(Source records)
────────────────
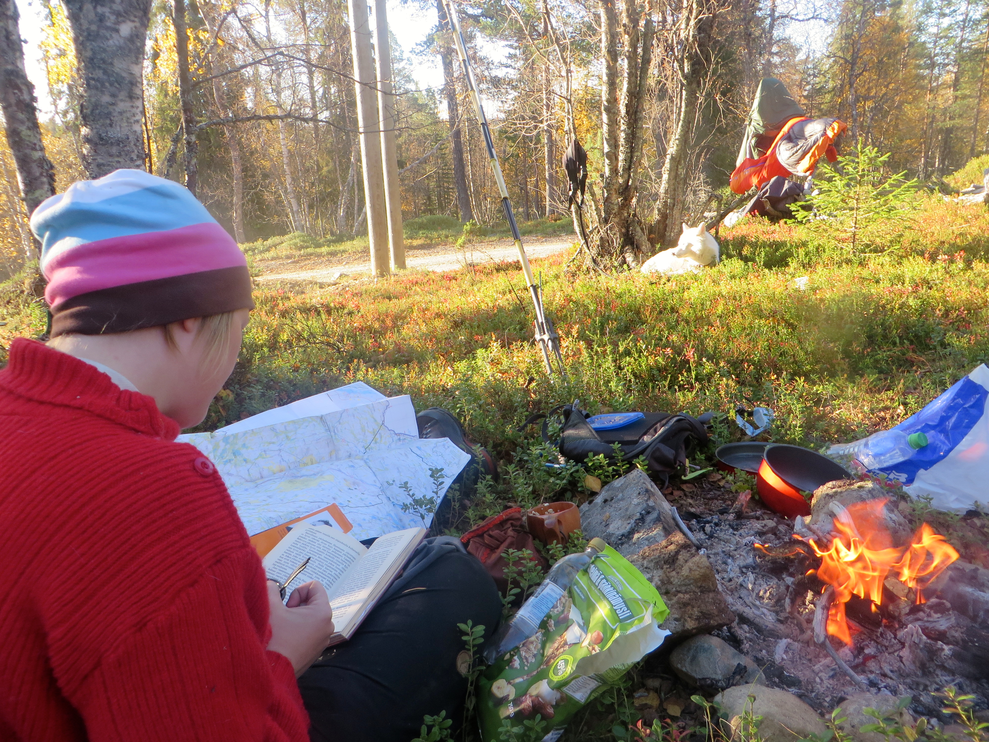 Jim is the director of LifeSchool’s GoAdventure, an outdoor education company that is deliberate and created with a lot of care and love. He isn’t really a boss so much as a leader, because he operates with zero ego. He works hard to recognize and call upon the strengths of those he employs, and with all of those skills combined creates a much more powerful program. I adore his zest for life, passion for what he does, and sense of humor, and I love working for and with him as a boss and a friend. GoAdventure has a whole resource guide dedicated to helping people educate themselves on wilderness skills, so naturally Jim popped up the day we crossed the Inari-Kittila road and entered the Lemmenjoki backcountry, compass at the ready. By this point Annukka and I had gotten lost enough times to know what we were doing, and we rocked it the rest of the way to Lemmenjoki. 🙂
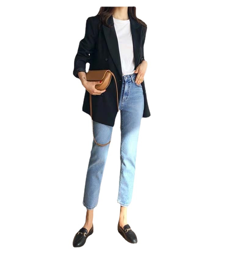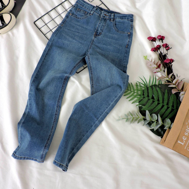 Straight Leg Jeans Women’s 2024 Spring New Arrival Korean-style All-match High Waist Loose Slimming Eight-point Nine-point Pipe Pants
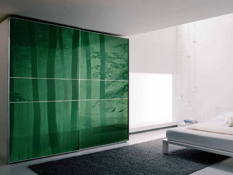 Правильный подбор декора поможет сделать предмет мебели «своим» в любом интерьере. Он будет уместен даже в минимализме, где мебель присутствует в мизерном количестве. Шкаф-купе в минималистической спальне должен иметь светлый и плоский фасад. Это могут быть белые панели или двери из стекла и зеркал. Не будет чужим здесь и пластик с фантазийными рисунками или древесной фактурой. Популярны акрилайновые фасады и глянец поверхностей. Стиль базируется на ощущении свободы пространства. Представленные варианты декора фасада шкафа полностью поддерживает стилистическую идею.
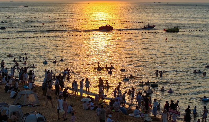 7月5日,游客在山東省威海市國際海水浴場(chǎng)親水消暑(無人機(jī)照片)。
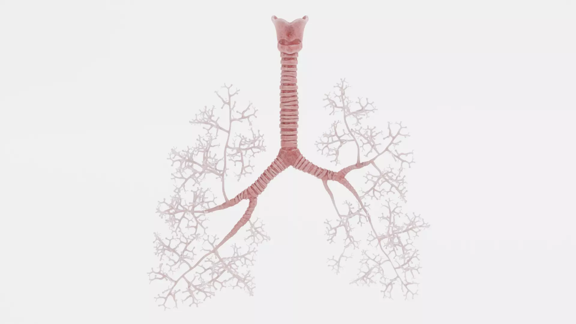 A highly detailed anatomical representation of the human trachea and bronchial tree, precisely modeled to capture the branching airway structure with scientific accuracy. The model features smooth organic geometry, realistic curvature, and clear segmentation between the trachea and bronchi, providing a visually accurate depiction of the upper respiratory pathway.
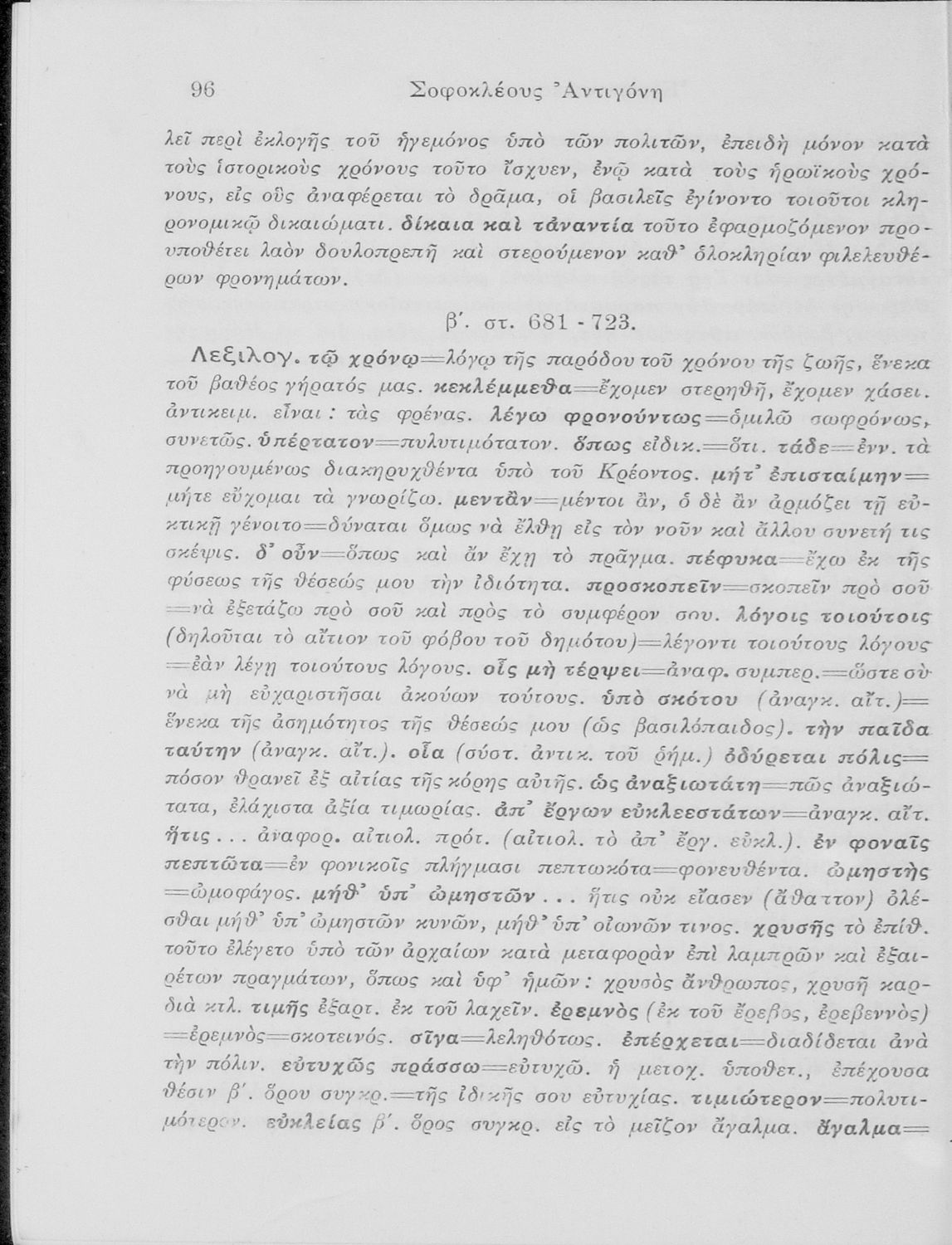 Σχολικό εγχειρίδιο Αρχαίων Ελληνικών της ΣΤ΄ Γυμνασίου. Το βιβλίο παρουσιάζει το έργο του Σοφοκλή, Αντιγόνη. Στο δεύτερο μέρος περιλαμβάνει λεξιλογικά και ερμηνευτικά σχόλια.
────────────────
** Problem description **
Could you retype all the entries above exactly, without the pictures?

** Answer for this exercise **
 Jim is the director of LifeSchool’s GoAdventure, an outdoor education company that is deliberate and created with a lot of care and love. He isn’t really a boss so much as a leader, because he operates with zero ego. He works hard to recognize and call upon the strengths of those he employs, and with all of those skills combined creates a much more powerful program. I adore his zest for life, passion for what he does, and sense of humor, and I love working for and with him as a boss and a friend. GoAdventure has a whole resource guide dedicated to helping people educate themselves on wilderness skills, so naturally Jim popped up the day we crossed the Inari-Kittila road and entered the Lemmenjoki backcountry, compass at the ready. By this point Annukka and I had gotten lost enough times to know what we were doing, and we rocked it the rest of the way to Lemmenjoki. 🙂
 Straight Leg Jeans Women’s 2024 Spring New Arrival Korean-style All-match High Waist Loose Slimming Eight-point Nine-point Pipe Pants
 Правильный подбор декора поможет сделать предмет мебели «своим» в любом интерьере. Он будет уместен даже в минимализме, где мебель присутствует в мизерном количестве. Шкаф-купе в минималистической спальне должен иметь светлый и плоский фасад. Это могут быть белые панели или двери из стекла и зеркал. Не будет чужим здесь и пластик с фантазийными рисунками или древесной фактурой. Популярны акрилайновые фасады и глянец поверхностей. Стиль базируется на ощущении свободы пространства. Представленные варианты декора фасада шкафа полностью поддерживает стилистическую идею.
 7月5日,游客在山東省威海市國際海水浴場(chǎng)親水消暑(無人機(jī)照片)。
 A highly detailed anatomical representation of the human trachea and bronchial tree, precisely modeled to capture the branching airway structure with scientific accuracy. The model features smooth organic geometry, realistic curvature, and clear segmentation between the trachea and bronchi, providing a visually accurate depiction of the upper respiratory pathway.
 Σχολικό εγχειρίδιο Αρχαίων Ελληνικών της ΣΤ΄ Γυμνασίου. Το βιβλίο παρουσιάζει το έργο του Σοφοκλή, Αντιγόνη. Στο δεύτερο μέρος περιλαμβάνει λεξιλογικά και ερμηνευτικά σχόλια.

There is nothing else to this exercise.